Among other things this type encoding is necessary when creating a multilingual website, because characters that are not included in a particular national table will need to be replaced with ASCII codes. If the reader is directly connected with information and communication technologies (ICT), then it will be useful for him to familiarize himself with such systems as:

  • Portable character set;
  • Control characters;
  • EBCDIC;
  • VISCII;
  • YUSCII;
  • Unicode;
  • ASCII art;
  • KOI-8.
  • ASCII Table Properties

    Like any systematic program, ASCII has its own characteristic properties. So, for example, the decimal number system (numbers from 0 to 9) is converted to binary system calculus (i.e. each decimal digit is converted to binary 288=1001000 respectively).

    The letters located in the upper and lower columns differ from each other only by a bit, which significantly reduces the level of complexity of checking and editing the case.

    With all these properties, ASCII encoding works as eight-bit, although it was originally intended to be seven-bit.

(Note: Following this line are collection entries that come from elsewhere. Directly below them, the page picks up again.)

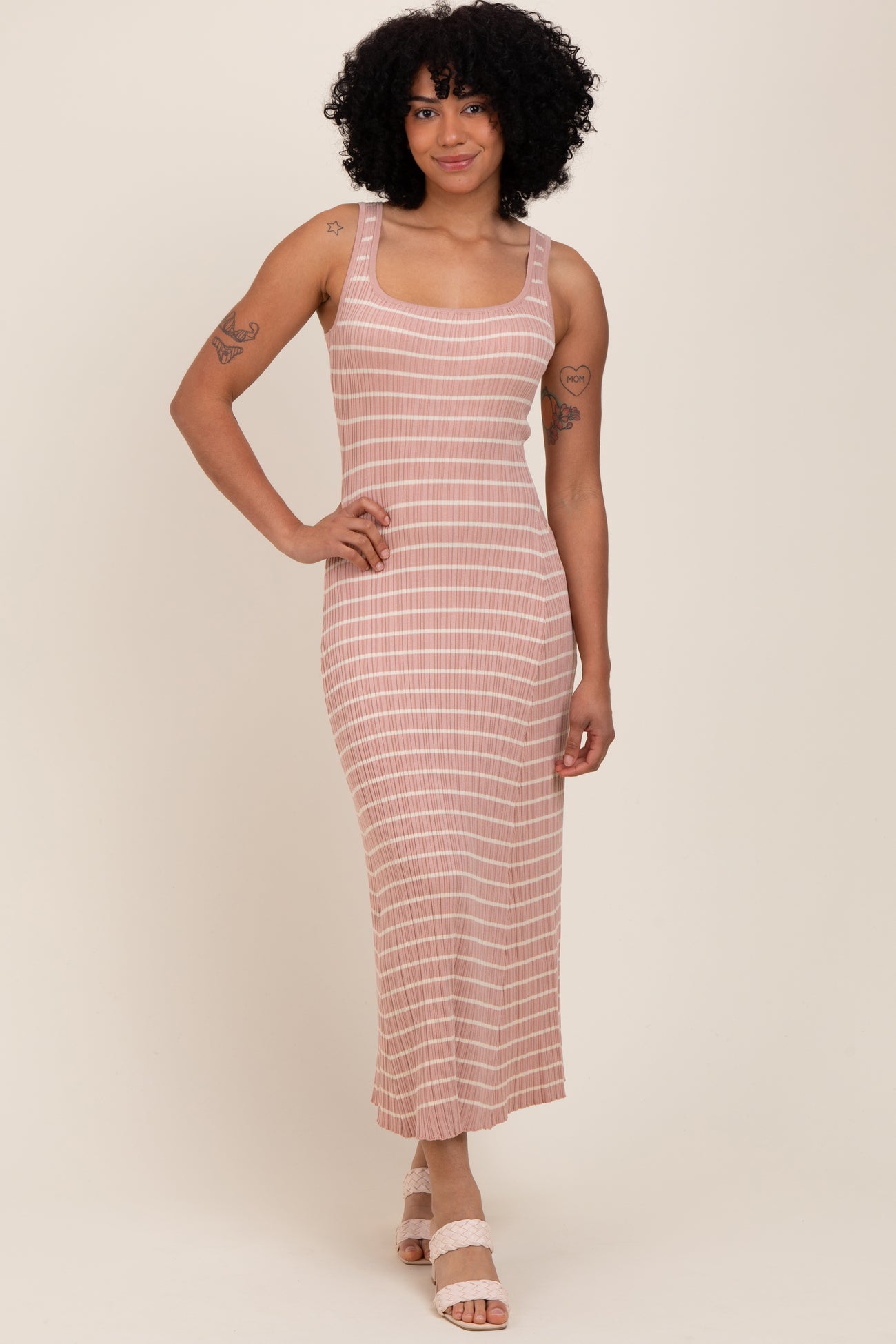Blush/Cream Lightweight Rib Fit And Flare Midi Dress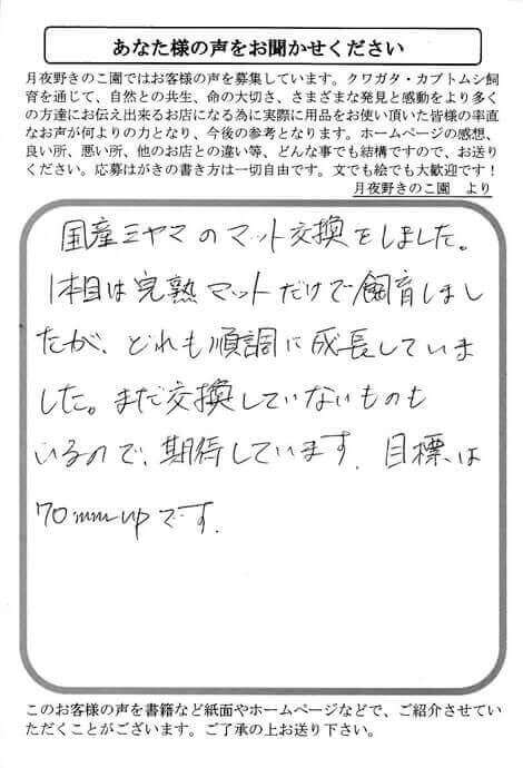 神奈川県 井口 様 完熟Mat X Facebook はてブ LINE Pinterest コピー 2015.01.07 国産ミヤマのマット交換をしました。 1本目は完熟マットだけで飼育しまし たが、どれも順調に成長していま した。まだ交換していないものも いるので、期待しています。目標は 70mmUPです。
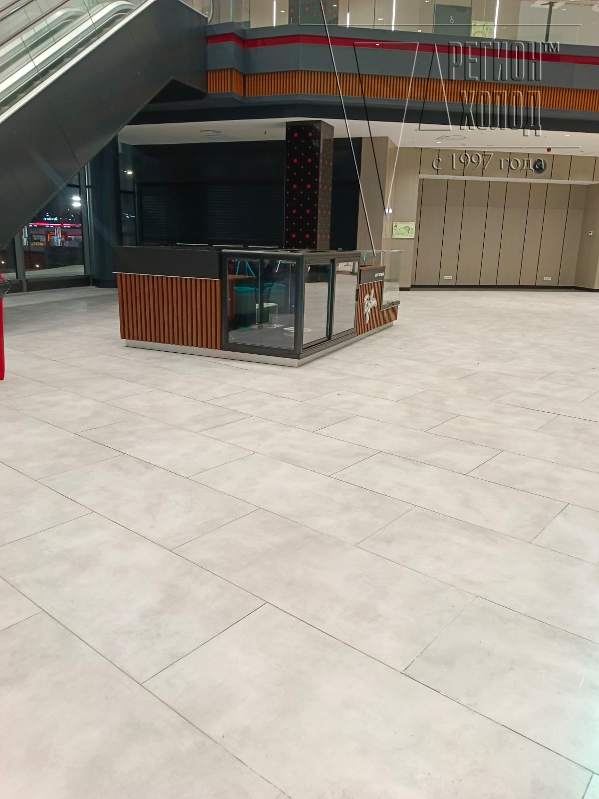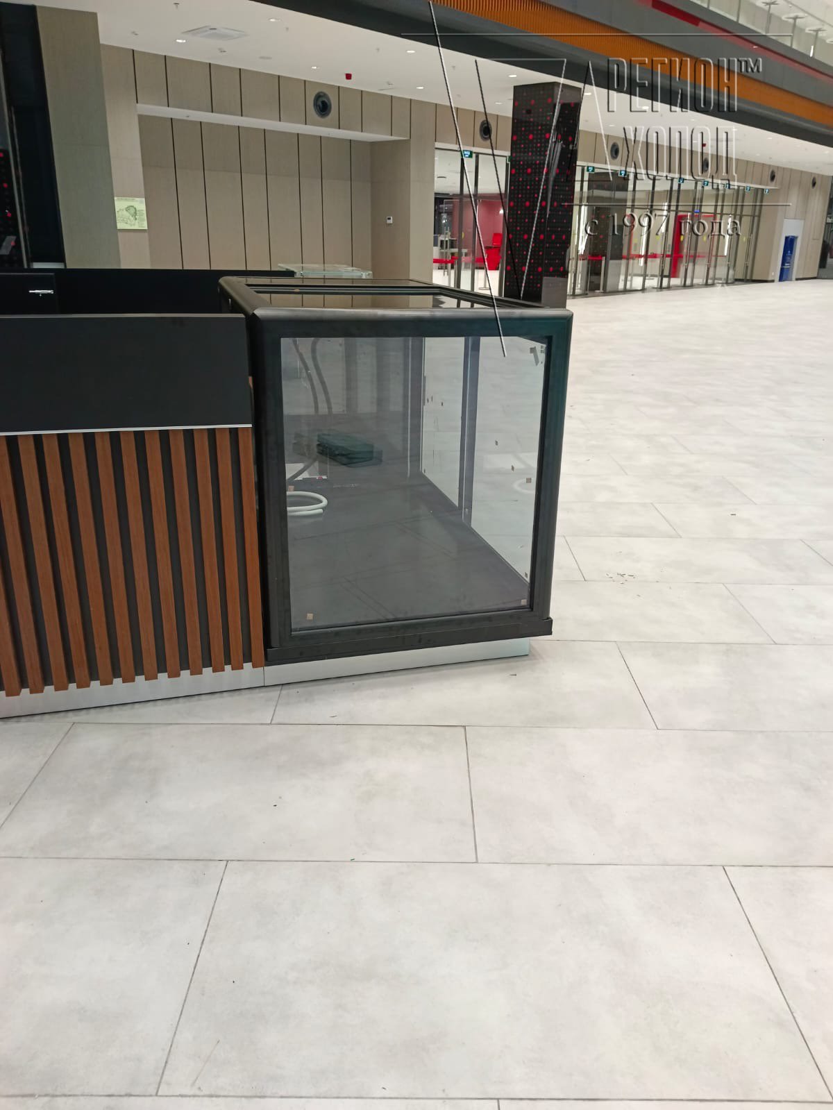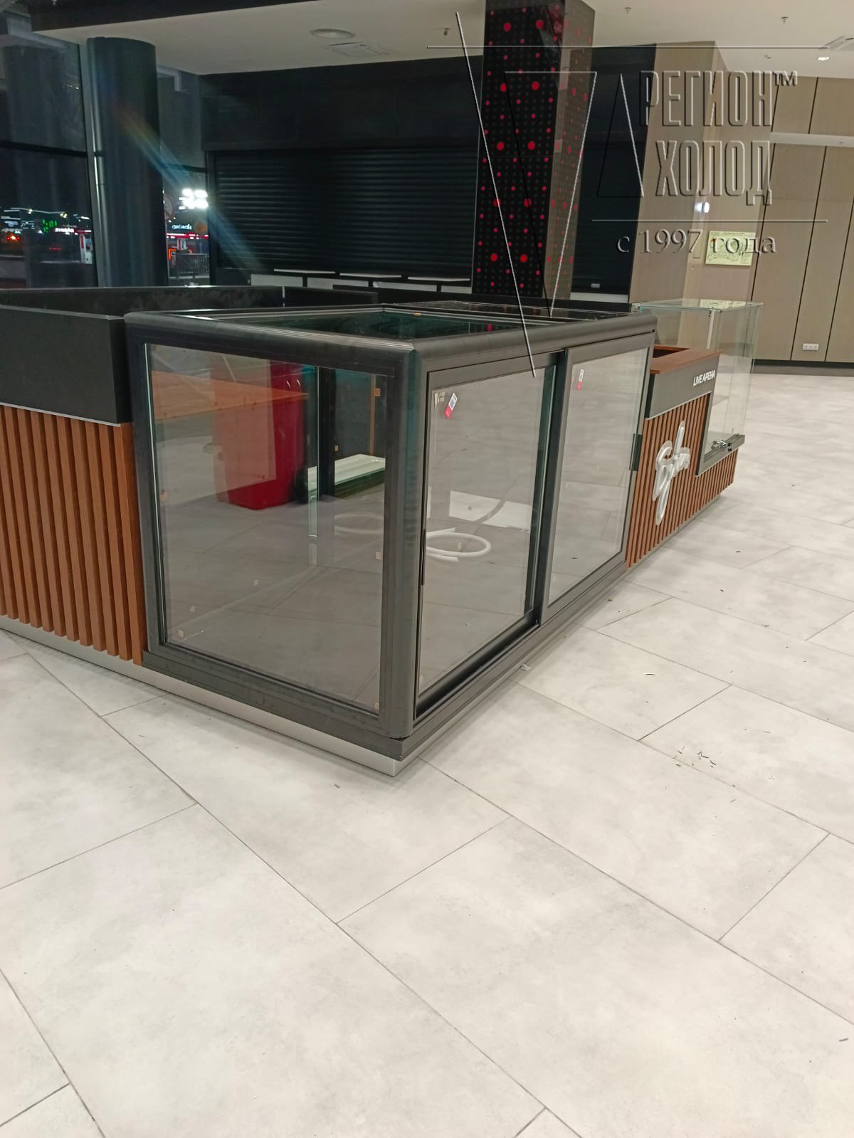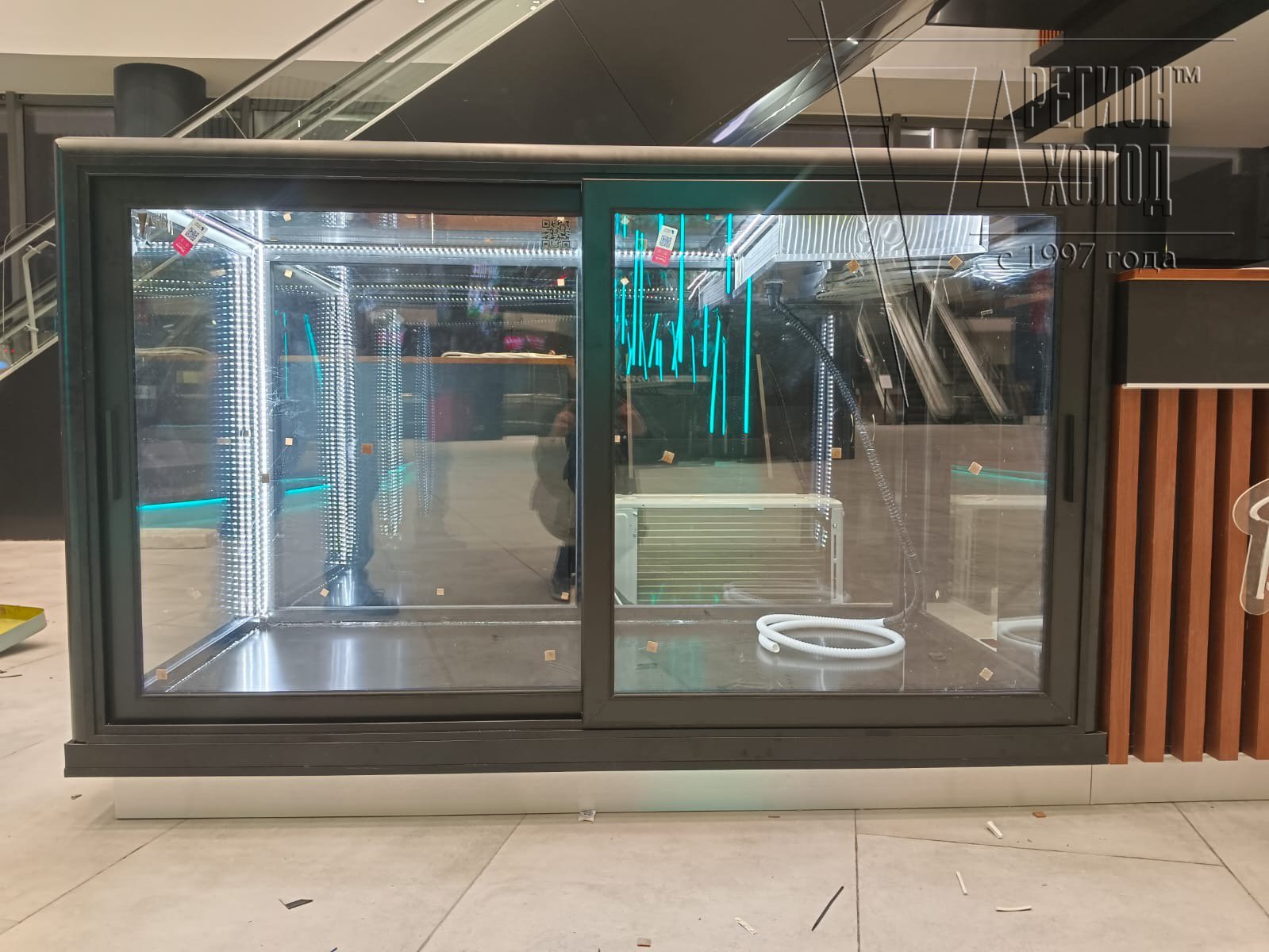 Небольшой холодильник для цветов, встроенный в островную торговую точку в ТЦ Сколково.Со стороны покупателей раздвижные двери.
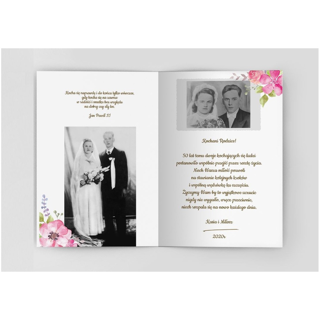 Kwiatowe zaproszenie jubileuszowe z motywem piwonii.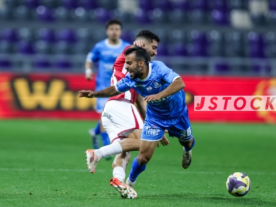 FBL-ISR Israeli State Cup Semi-Final – Hapoel Beer Sheva (in red) vs. Bnei Yehuda Tel Aviv (in blue), April 09, 2026, Bloomfield Stadium, Tel Aviv, Israel. The match takes place one day after the ceasefire announcement between Iran and Israel. Due to lingering security restrictions, the game is being played behind closed doors without spectators.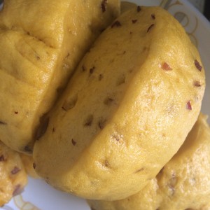 把南瓜泥放入面包机后,在上面依次加入高筋面粉,低筋面粉和酵母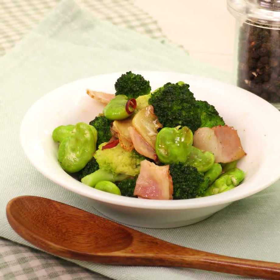 フライパンにオリーブオイル、にんにく、赤唐辛子を入れて弱火で熱し、にんにくの香りが立ってきたら、ベーコン、そら豆、ブロッコリーを加えて焼き色がつくまで中火で炒める。塩こしょうをふってさっと炒める。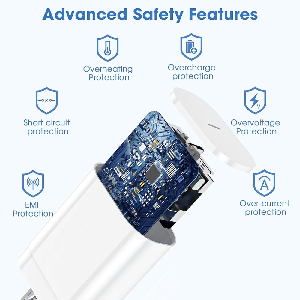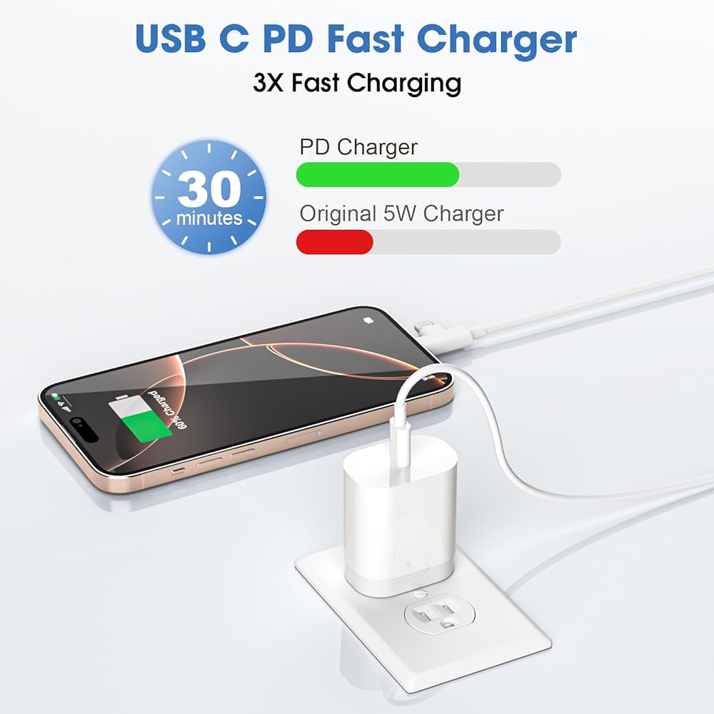 شاحن WWB 30 واط USB C شحن سريع، 2 حزمة شاحن حائط USB C مع كابل USB C إلى C بطول 6 أقدام وكابل Lightning، متوافق مع iPhone 17/16/15/14/13/12/11 Pro Max وiPad وAirPods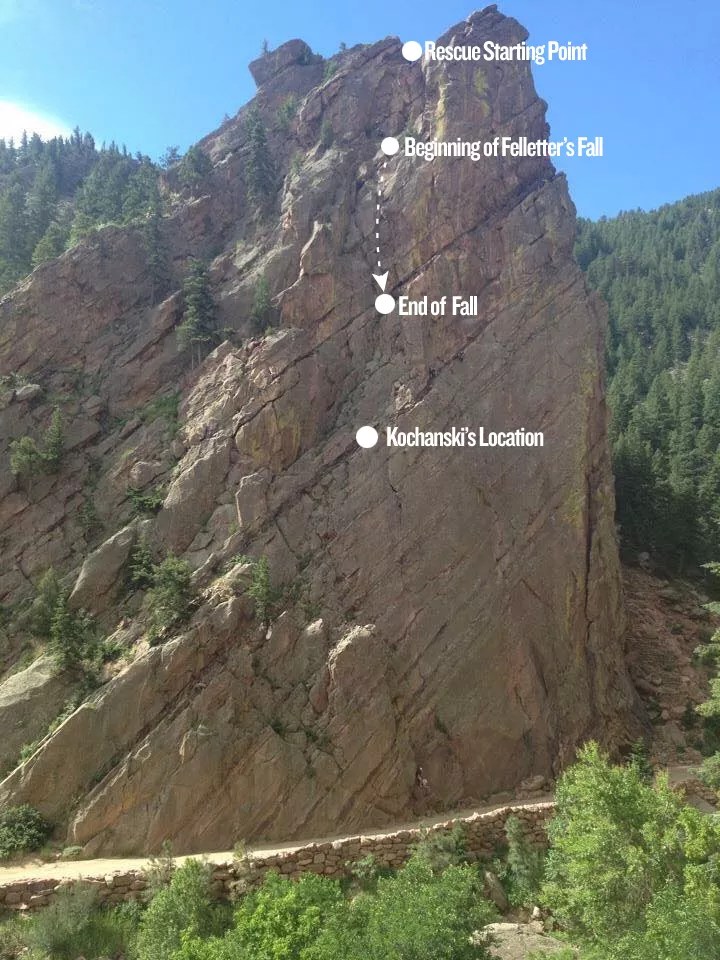 Kochanski couldn’t tell how serious Felletter’s injuries were; she couldn’t reach him without going off belay, which she did not feel safe doing.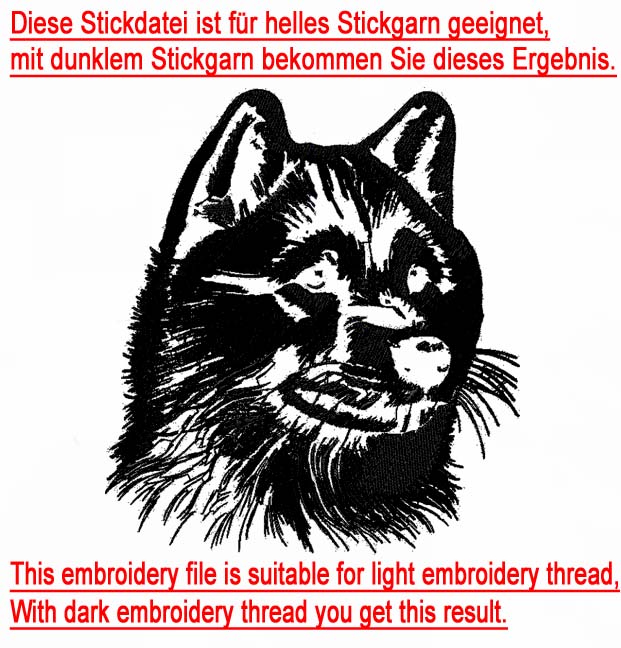 um realistische Stickdateien sind deutlich mehr Stiche als gewöhnlich nötig. Damit sie ein schönes und detailreiches Ergebnis erhalten. Mit einem dickeren Garn und Nadel kann das Ergebnis unscharf und konturlos wirken und der Faden reißen. Die Datei sollte auf einen festen Stoff sowie ein festes Stickvlies gestickt werden.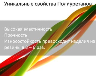 Документ описывает уникальные свойства полиуретанов, подчеркивая их высокую эластичность, прочность и износостойкость, что позволяет им заменять резину в различных применениях. Он также перечисляет оптимальные условия применения полиуретанов и преимущества их использования в футеровке, скребках, роликах и уплотнительных манжетах. Технические характеристики, такие как температура эксплуатации и твердость, подчеркивают долговечность и эффективность полиуретановых изделий в различных областях.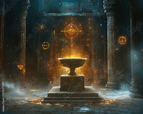 Ancient Temple Chamber Flaming Cauldron Mystical Ritual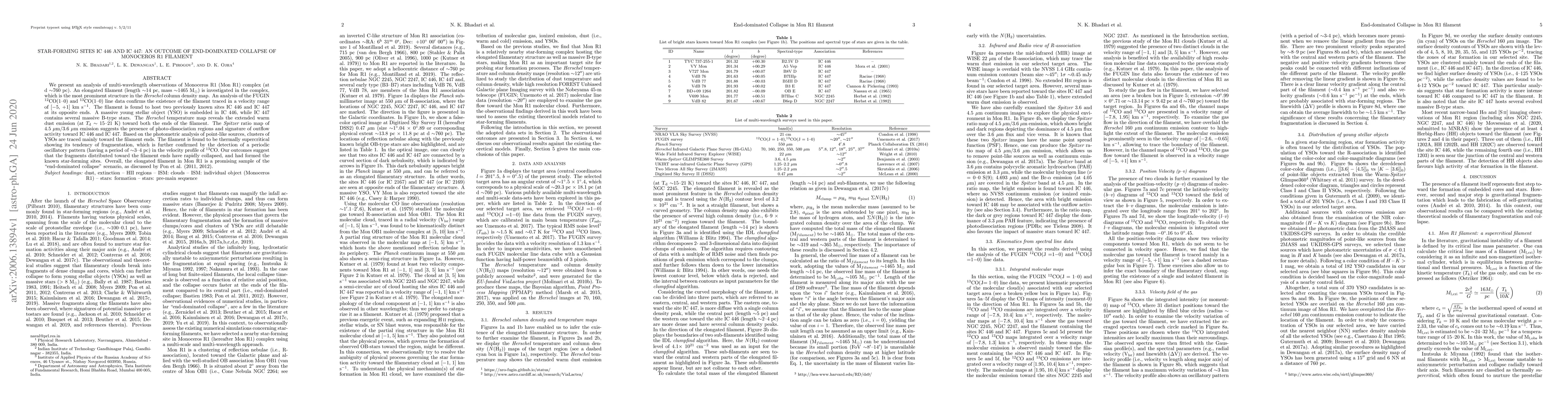 This research paper analyzes the star-forming sites IC 446 and IC 447 in a filament within the Monoceros R1 complex, revealing an end-dominated collapse scenario that led to their formation.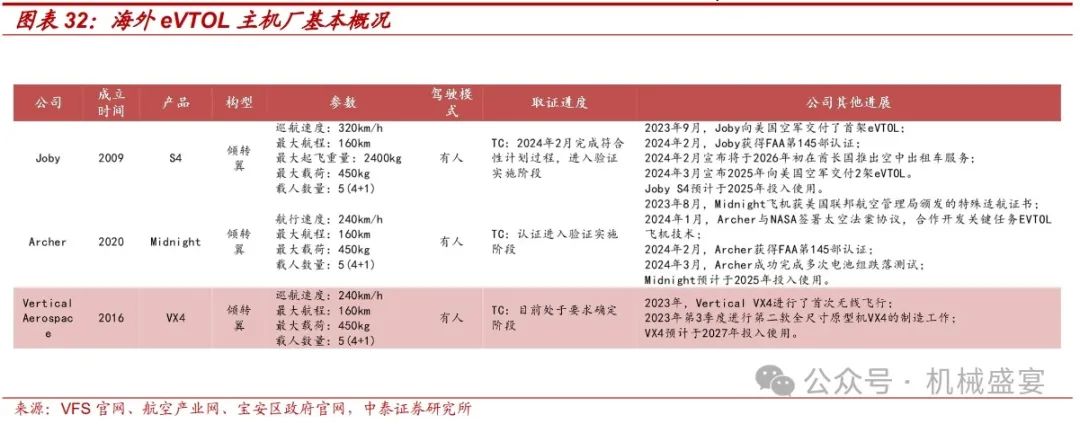 ◼ 海内外主机厂逐步进入取证&商用周期,海外eVTOL投用在即。1)国内主机厂普遍成立于2020年以后,其中亿航智能、峰飞航空成立时间较早;产品构型上多旋翼、复合翼、倾转旋翼均有涉及,其中多旋翼产品较为成熟。2)海外主机厂成立时间相对较早,普遍成立于2009-2020年间,产品构型以难度较大的倾转旋翼为主。根据多家海外头部公司媒体渠道,多款eVTOL产品有望在未来3年获得适航取证,JobyS4预计在2025年投用;Vertical Aeroscpace的VX4预计2027年投用。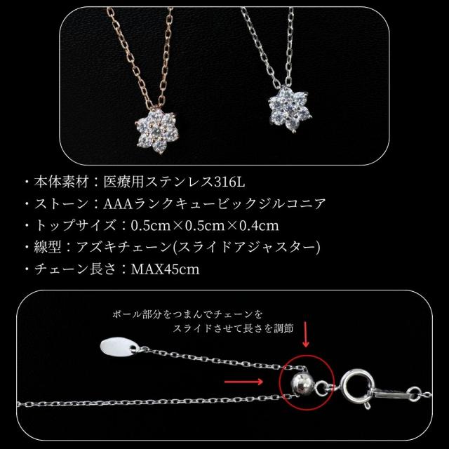 金属アレルギーを誘発しにくい、敏感肌に優しい最高位の医療用ステンレス316Lに、AAAクラスのキュービックジルコニアをあしらったフラワーネックレス。

    Application of ASCII in Microsoft programs Office:

    If necessary this option information encoding can be used in Microsoft Notepad and Microsoft Office Word. Within these applications, the document can be saved in ASCII format, but in this case, you will not be able to use some functions when typing text.

    In particular, bold and bold fonts will not be available because encoding only preserves the meaning of the typed information, and not general view and shape. You can add such codes to a document using the following software applications.